**Exercise**
Among the lines below, output only those between the line holding "Своеобразная штаны до" and the line holding "MOVING SALE. Cant", inclusive, exactly as written and with no pictures.

**Given information**
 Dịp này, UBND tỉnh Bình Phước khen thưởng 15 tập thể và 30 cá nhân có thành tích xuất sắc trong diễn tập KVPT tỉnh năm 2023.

--

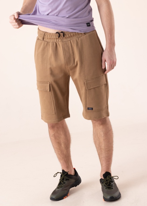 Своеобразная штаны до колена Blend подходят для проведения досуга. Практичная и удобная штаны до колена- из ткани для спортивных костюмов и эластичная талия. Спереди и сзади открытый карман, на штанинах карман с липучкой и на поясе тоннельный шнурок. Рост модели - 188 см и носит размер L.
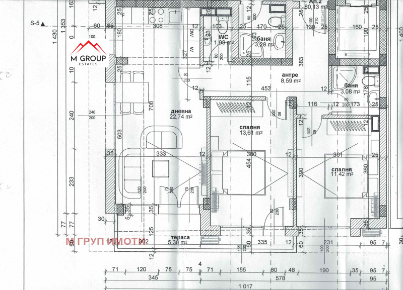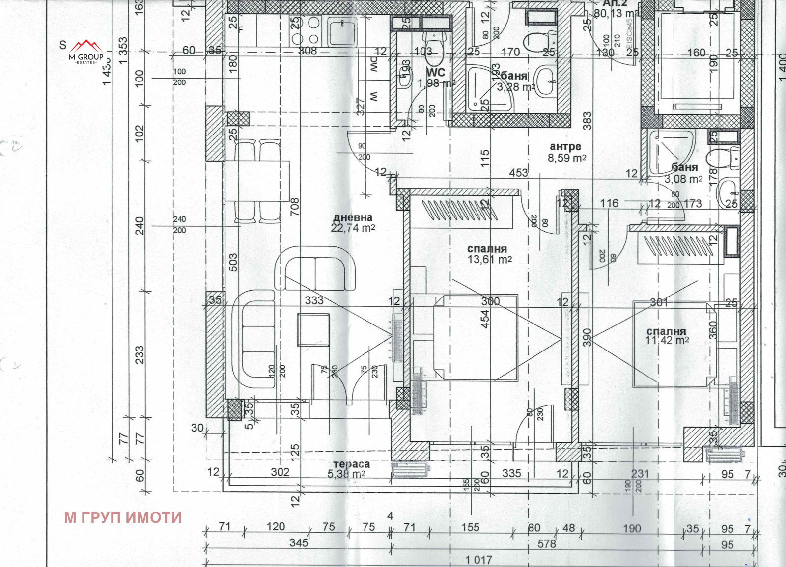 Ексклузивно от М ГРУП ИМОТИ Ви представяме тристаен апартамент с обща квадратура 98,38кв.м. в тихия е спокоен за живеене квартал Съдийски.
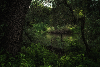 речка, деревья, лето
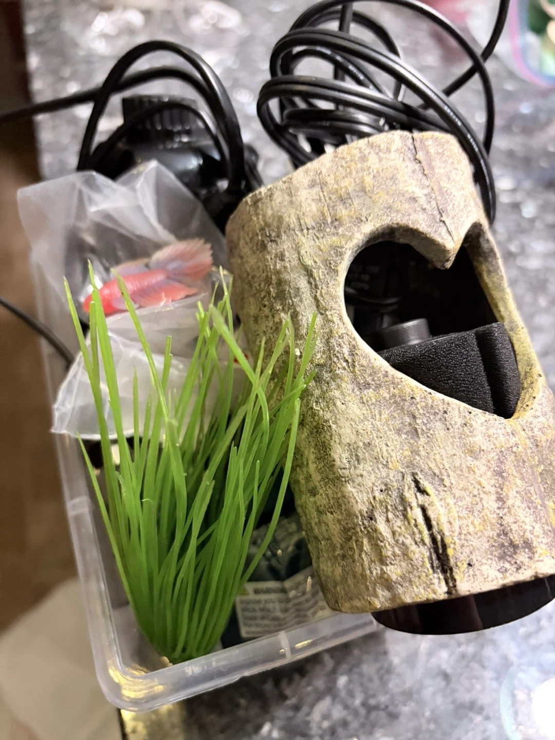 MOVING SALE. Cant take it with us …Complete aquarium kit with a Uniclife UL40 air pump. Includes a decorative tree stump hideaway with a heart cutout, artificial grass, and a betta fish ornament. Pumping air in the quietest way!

**Solution to this task**
 Своеобразная штаны до колена Blend подходят для проведения досуга. Практичная и удобная штаны до колена- из ткани для спортивных костюмов и эластичная талия. Спереди и сзади открытый карман, на штанинах карман с липучкой и на поясе тоннельный шнурок. Рост модели - 188 см и носит размер L.
 Ексклузивно от М ГРУП ИМОТИ Ви представяме тристаен апартамент с обща квадратура 98,38кв.м. в тихия е спокоен за живеене квартал Съдийски.
 речка, деревья, лето
 MOVING SALE. Cant take it with us …Complete aquarium kit with a Uniclife UL40 air pump. Includes a decorative tree stump hideaway with a heart cutout, artificial grass, and a betta fish ornament. Pumping air in the quietest way!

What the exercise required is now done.